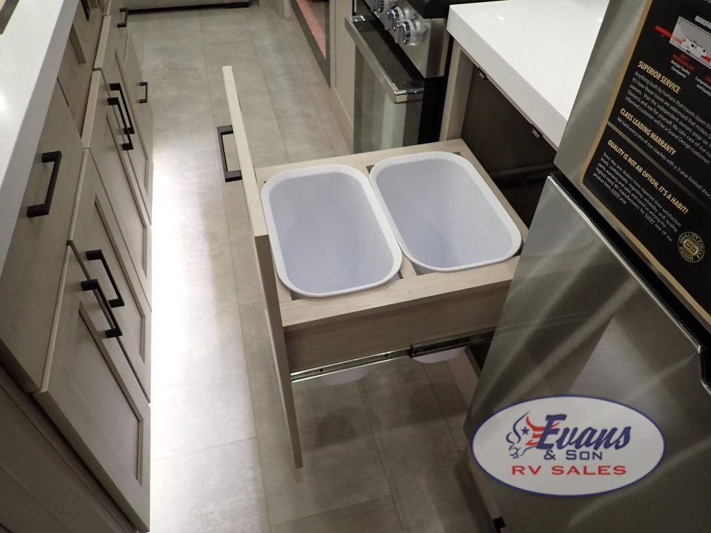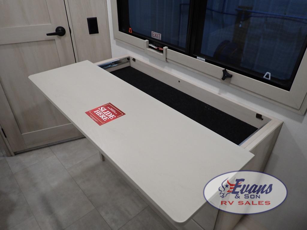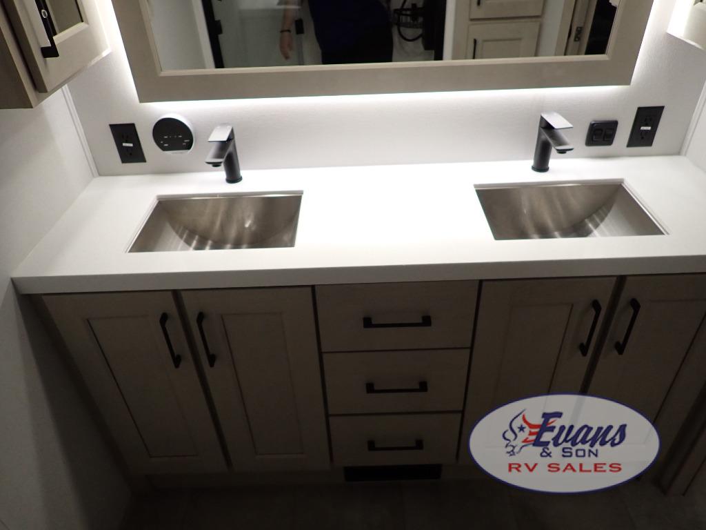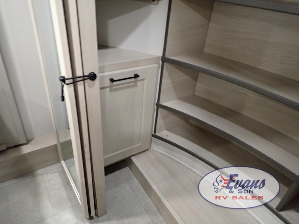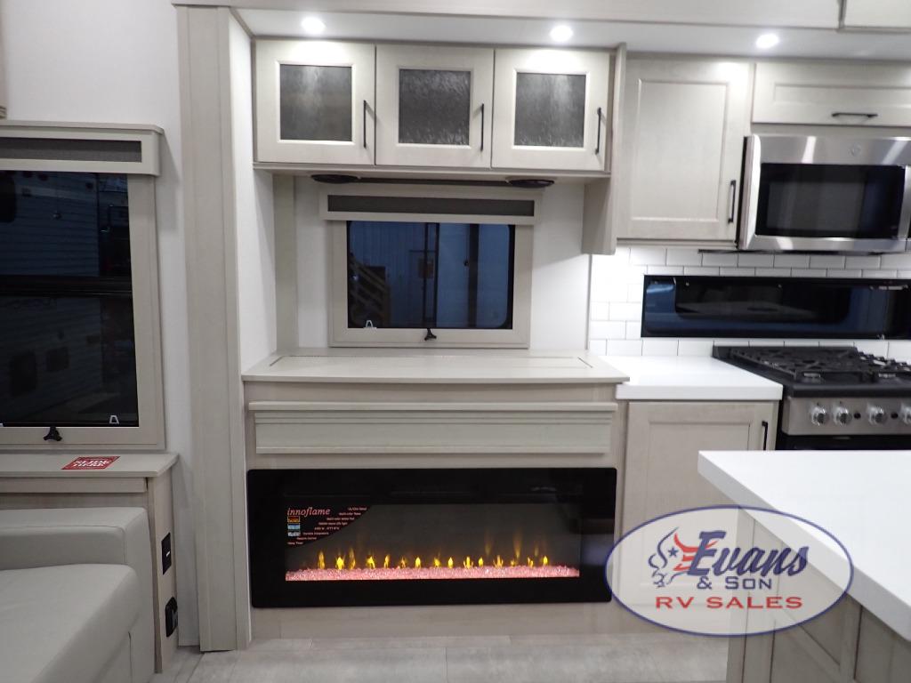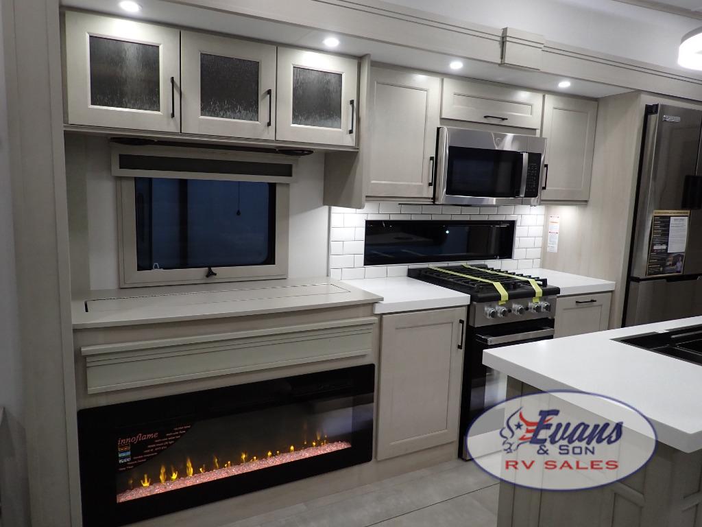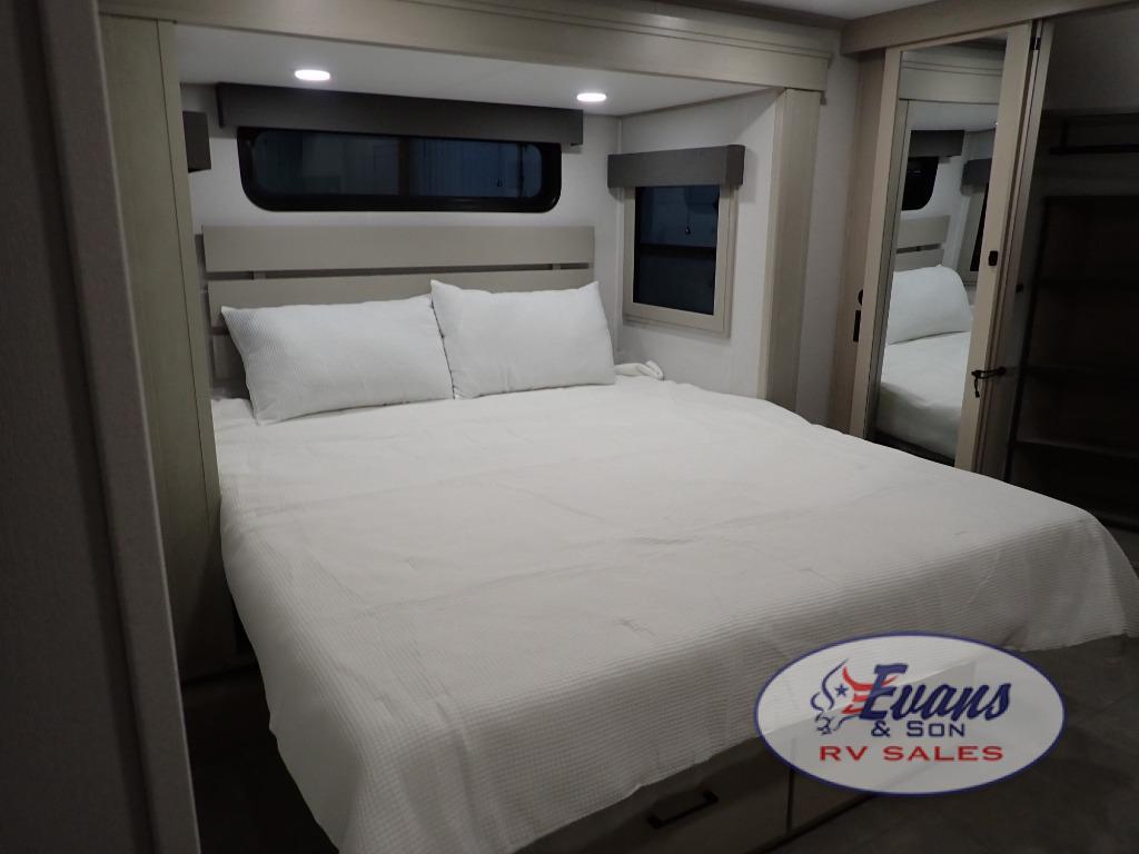 Are you looking to upgrade from a travel trailer to a fifth wheel? If so, this model will be perfect for you! Once you arrive at the campground, you can unload your gear from the pass-through storage, put out the two power awnings, then relax with a cold drink. Inside, you can kick your feet up on the theater seating, play a game at the free-standing dinette, or relax on the tri-fold sofa. The chef of your group will have a kitchen island with a Smart sink, dishwasher prep if you want the option to make cleaning up easier, plus a spacious 20 cu. ft. 12V refrigerator. There is also a built-in oven, plus a pantry and a hutch for storage galore! Having two bath sinks in the full bath is sure to be a big convenience when getting ready for bed, and the queen bed slide out in the front bedroom will provide a great night's rest. You will also find a front wardrobe, a slide top dresser, plus washer/dryer prep!
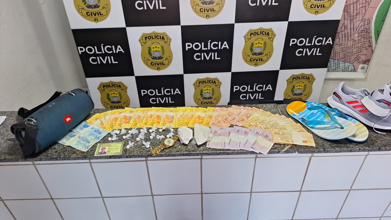 No local foram apreendidos cocaína e R$ 1.030 em dinheiro em espécie, supostamente oriundos de crime. Ele foi identificado pelas iniciais S.D.D.S.A. “Ele se evadiu com a chegada dos policiais, mas as investigações continuam no sentido de prendê-lo”, informou o delegado.
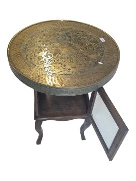 An early 20th century mahogany and glass cased bijouterie table cabinet. The cabinet set with a later brass applied table top. Measures approx: 73x61cm
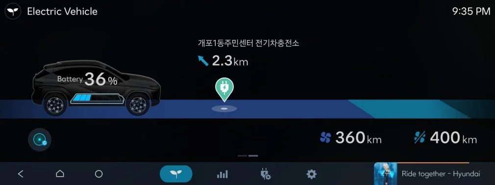 디 올 뉴 코나 일렉트릭의 신규 EV 전용 모드는 인포테인먼트 디스플레이를 통해 EV 관련 정보와 기능을 한곳에서 쉽게 확인하고, 조작할 수 있도록 구성됐습니다. 기본적으로 차량의 배터리 잔량, 근처 충전소, 공조기 작동 여부에 따른 주행 가능 거리를 확인할 수 있습니다. 특히 스마트폰과 유사한 위젯 방식으로 화면을 운전자의 취향에 맞춰 구성할 수 있어 편의성이 뛰어납니다.
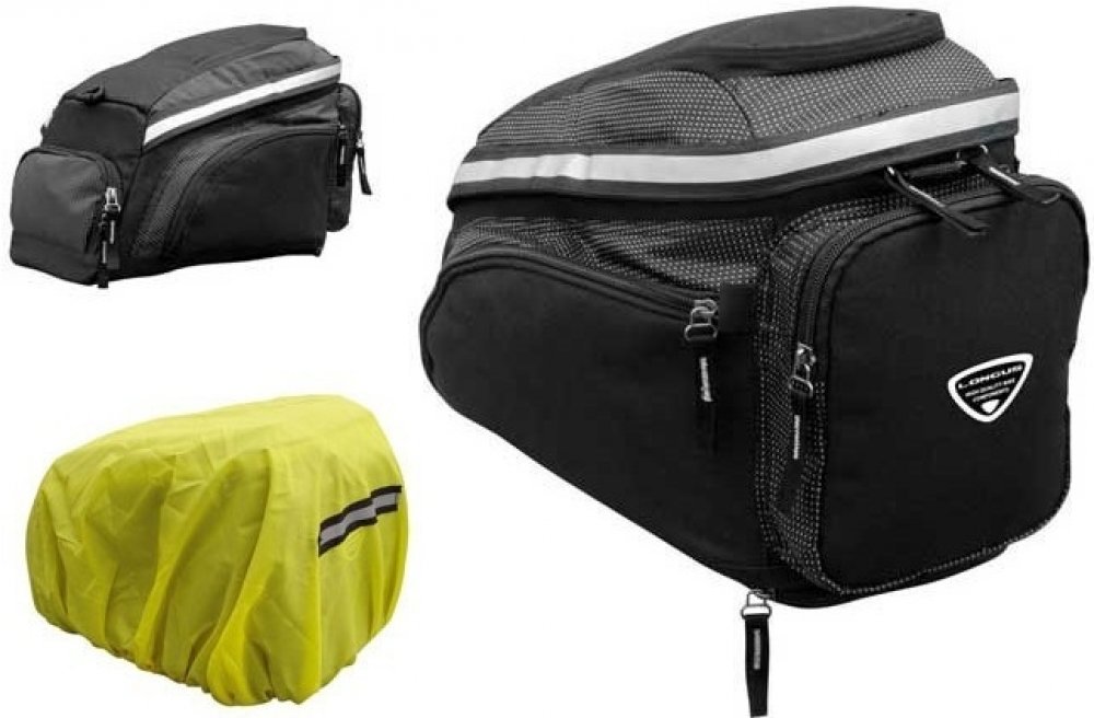 Objemná kapsa na nosič se spoustou postranních kapes a přihrádek. Horní víko po otevření umožňuje pohodlný přístup do hlavního prostoru kapsy a umožňuje snadnou manipulaci is většími předměty. Vnitřní prostor vybaven dvěma síťovými kapsami, jedna na boční stěně a druhá na horním víku. K dispozici je také zadní kapsa na uložení drobností nebo dokladů. Vnitřní prostor je měkký a skvěle ochrání i křehké předměty jako například fotoaparát. Snadno přístupná kapsa na horním víku, postranní kapsy a zadní kapsa s přívěskem na klíče slouží k uschování drobností, které mají být přístupné okamžitě, bez nutnosti hledání v hlavním prostoru. Přívěsky na běžcích zipů výrazně usnadňuje časté otevírání a zavírání. Uchycení kapsičky na nosič je zajištěno třemi dostatečně dlouhými Velcro pásky. Reflexní pásek vedený kolem horní části zvyšuje boční viditelnost za zhoršených světelných podmínek. Kapsička je vyrobena z odolného a houževnatého Polyesteru 600D, který zajišťuje dlouhou životnost i při častém používání. Součástí kapsy je potah proti dešti v neonové žluté barvě s reflexním pasem. Rozměr: 33x16,5x17cm Objem: cca 9,3L Váha: 850g
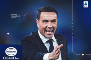 帕拉迪諾2月份帶領(lǐng)亞特蘭大參加4場意甲比賽,戰(zhàn)績3勝1平,意甲官方社媒曬出海報,確認他當(dāng)選2月份最佳教練。
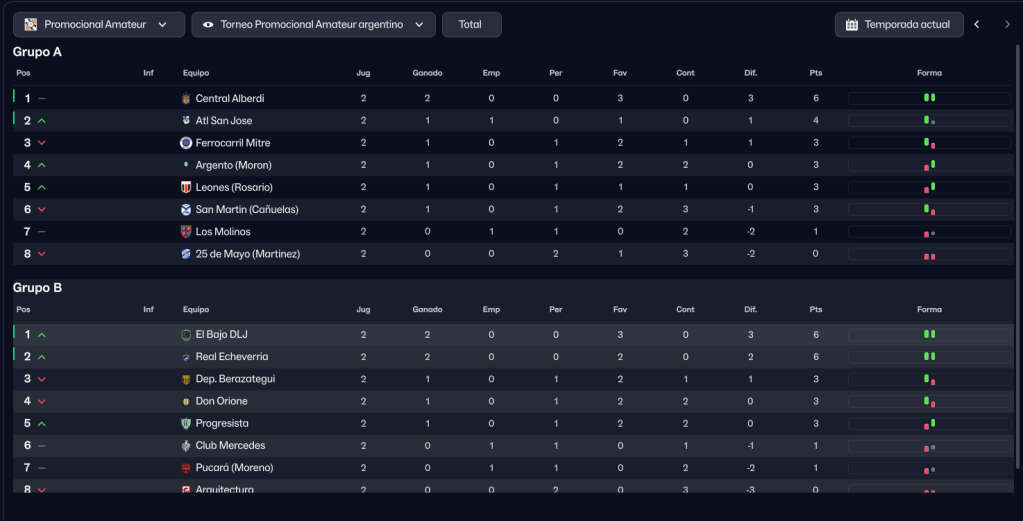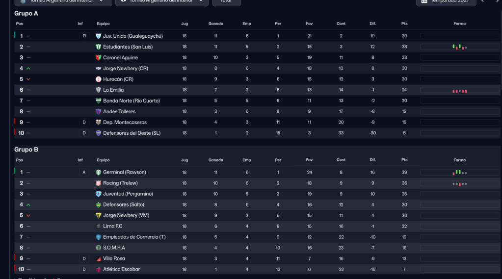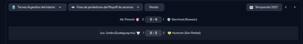 - (la division secundaria debe ser la misma que los de su liga, verificar si es correcto)
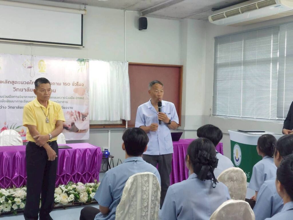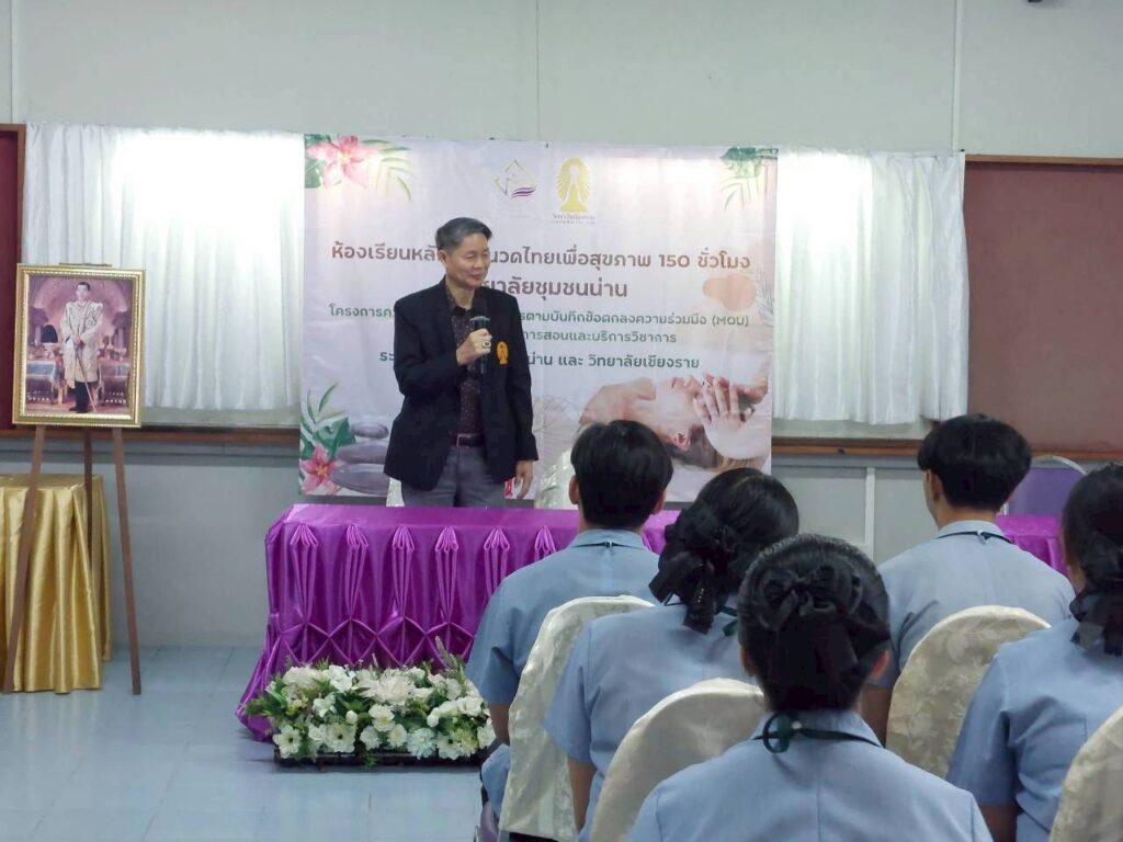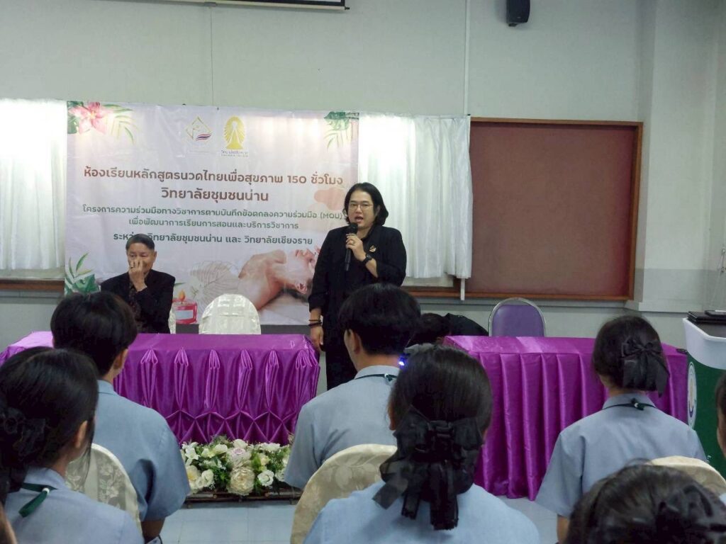 วันที่ 16 มีนาคม 2569 วิทยาลัยชุมชนน่าน เปิดห้องเรียนหลักสูตรสัมฤทธิบัตรนวดไทยเพื่อสุขภาพ 150 ชั่วโมง ณ วิทยาลัยเชียงราย จังหวัดเชียงราย รุ่นที่ 1
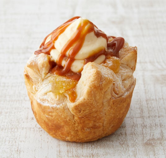 甘じょっぱくてクセになる味わいの“塩スイーツ”が登場!国産ふじりんごとカスタードクリームを包んだアップルカップと、キャラメルの甘さのなかに塩味をほんのり加えた 塩キャラメルクリームの組み合わせは、すっきりとした味わいで 夏におすすめの逸品。王冠を思わせるカタチで、小ぶりなのに手に取ると“ずっしり感”があり、手土産や自分へのご褒美におすすめ。ジューシーな国産りんごと、ほろほろと口どけるパイ生地、クリームが織りなすマリアージュをお楽しみいただけます。
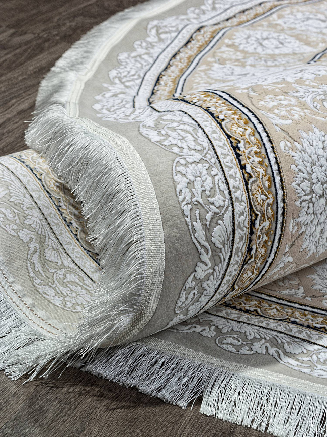 Коротко: «Ковер SALIMA 8006 000 Круг» (SALIMA, IRANOS, Иран) — ковер для дома, гостиной. материал: акрил, стиль: в классическом стиле, цвет: кремовый, бежевый, ворс: 7 мм, плотность: 3600000 точек/м², основа: хлопок, ориентирован на классическую подачу, страна производства: Иран.
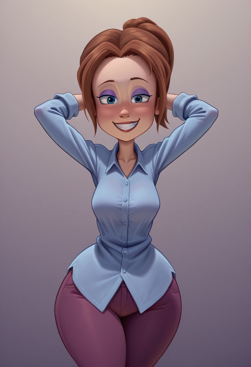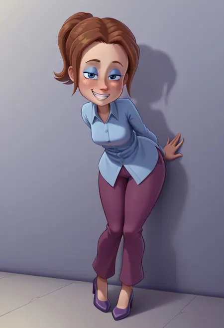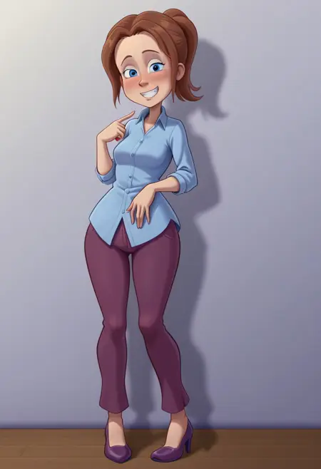DnN1kle_AB, 1 girl, solo, brown hair, ponytail, blue eyes, makeup, wide hips, blue shirt, collared shirt, purple pants, purple heels,

━━━━━━━━━━━━━━━━━━━━━━━━━━━━━━

- _WHAT YOU HAVE TO DO_:
Exact repetition of each line above is expected; images are to be omitted.

- _RESULT_:
 Are you looking to upgrade from a travel trailer to a fifth wheel? If so, this model will be perfect for you! Once you arrive at the campground, you can unload your gear from the pass-through storage, put out the two power awnings, then relax with a cold drink. Inside, you can kick your feet up on the theater seating, play a game at the free-standing dinette, or relax on the tri-fold sofa. The chef of your group will have a kitchen island with a Smart sink, dishwasher prep if you want the option to make cleaning up easier, plus a spacious 20 cu. ft. 12V refrigerator. There is also a built-in oven, plus a pantry and a hutch for storage galore! Having two bath sinks in the full bath is sure to be a big convenience when getting ready for bed, and the queen bed slide out in the front bedroom will provide a great night's rest. You will also find a front wardrobe, a slide top dresser, plus washer/dryer prep!
 No local foram apreendidos cocaína e R$ 1.030 em dinheiro em espécie, supostamente oriundos de crime. Ele foi identificado pelas iniciais S.D.D.S.A. “Ele se evadiu com a chegada dos policiais, mas as investigações continuam no sentido de prendê-lo”, informou o delegado.
 An early 20th century mahogany and glass cased bijouterie table cabinet. The cabinet set with a later brass applied table top. Measures approx: 73x61cm
 디 올 뉴 코나 일렉트릭의 신규 EV 전용 모드는 인포테인먼트 디스플레이를 통해 EV 관련 정보와 기능을 한곳에서 쉽게 확인하고, 조작할 수 있도록 구성됐습니다. 기본적으로 차량의 배터리 잔량, 근처 충전소, 공조기 작동 여부에 따른 주행 가능 거리를 확인할 수 있습니다. 특히 스마트폰과 유사한 위젯 방식으로 화면을 운전자의 취향에 맞춰 구성할 수 있어 편의성이 뛰어납니다.
 Objemná kapsa na nosič se spoustou postranních kapes a přihrádek. Horní víko po otevření umožňuje pohodlný přístup do hlavního prostoru kapsy a umožňuje snadnou manipulaci is většími předměty. Vnitřní prostor vybaven dvěma síťovými kapsami, jedna na boční stěně a druhá na horním víku. K dispozici je také zadní kapsa na uložení drobností nebo dokladů. Vnitřní prostor je měkký a skvěle ochrání i křehké předměty jako například fotoaparát. Snadno přístupná kapsa na horním víku, postranní kapsy a zadní kapsa s přívěskem na klíče slouží k uschování drobností, které mají být přístupné okamžitě, bez nutnosti hledání v hlavním prostoru. Přívěsky na běžcích zipů výrazně usnadňuje časté otevírání a zavírání. Uchycení kapsičky na nosič je zajištěno třemi dostatečně dlouhými Velcro pásky. Reflexní pásek vedený kolem horní části zvyšuje boční viditelnost za zhoršených světelných podmínek. Kapsička je vyrobena z odolného a houževnatého Polyesteru 600D, který zajišťuje dlouhou životnost i při častém používání. Součástí kapsy je potah proti dešti v neonové žluté barvě s reflexním pasem. Rozměr: 33x16,5x17cm Objem: cca 9,3L Váha: 850g
 帕拉迪諾2月份帶領(lǐng)亞特蘭大參加4場意甲比賽,戰(zhàn)績3勝1平,意甲官方社媒曬出海報,確認他當(dāng)選2月份最佳教練。
 - (la division secundaria debe ser la misma que los de su liga, verificar si es correcto)
 วันที่ 16 มีนาคม 2569 วิทยาลัยชุมชนน่าน เปิดห้องเรียนหลักสูตรสัมฤทธิบัตรนวดไทยเพื่อสุขภาพ 150 ชั่วโมง ณ วิทยาลัยเชียงราย จังหวัดเชียงราย รุ่นที่ 1
 甘じょっぱくてクセになる味わいの“塩スイーツ”が登場!国産ふじりんごとカスタードクリームを包んだアップルカップと、キャラメルの甘さのなかに塩味をほんのり加えた 塩キャラメルクリームの組み合わせは、すっきりとした味わいで 夏におすすめの逸品。王冠を思わせるカタチで、小ぶりなのに手に取ると“ずっしり感”があり、手土産や自分へのご褒美におすすめ。ジューシーな国産りんごと、ほろほろと口どけるパイ生地、クリームが織りなすマリアージュをお楽しみいただけます。
 Коротко: «Ковер SALIMA 8006 000 Круг» (SALIMA, IRANOS, Иран) — ковер для дома, гостиной. материал: акрил, стиль: в классическом стиле, цвет: кремовый, бежевый, ворс: 7 мм, плотность: 3600000 точек/м², основа: хлопок, ориентирован на классическую подачу, страна производства: Иран.
DnN1kle_AB, 1 girl, solo, brown hair, ponytail, blue eyes, makeup, wide hips, blue shirt, collared shirt, purple pants, purple heels,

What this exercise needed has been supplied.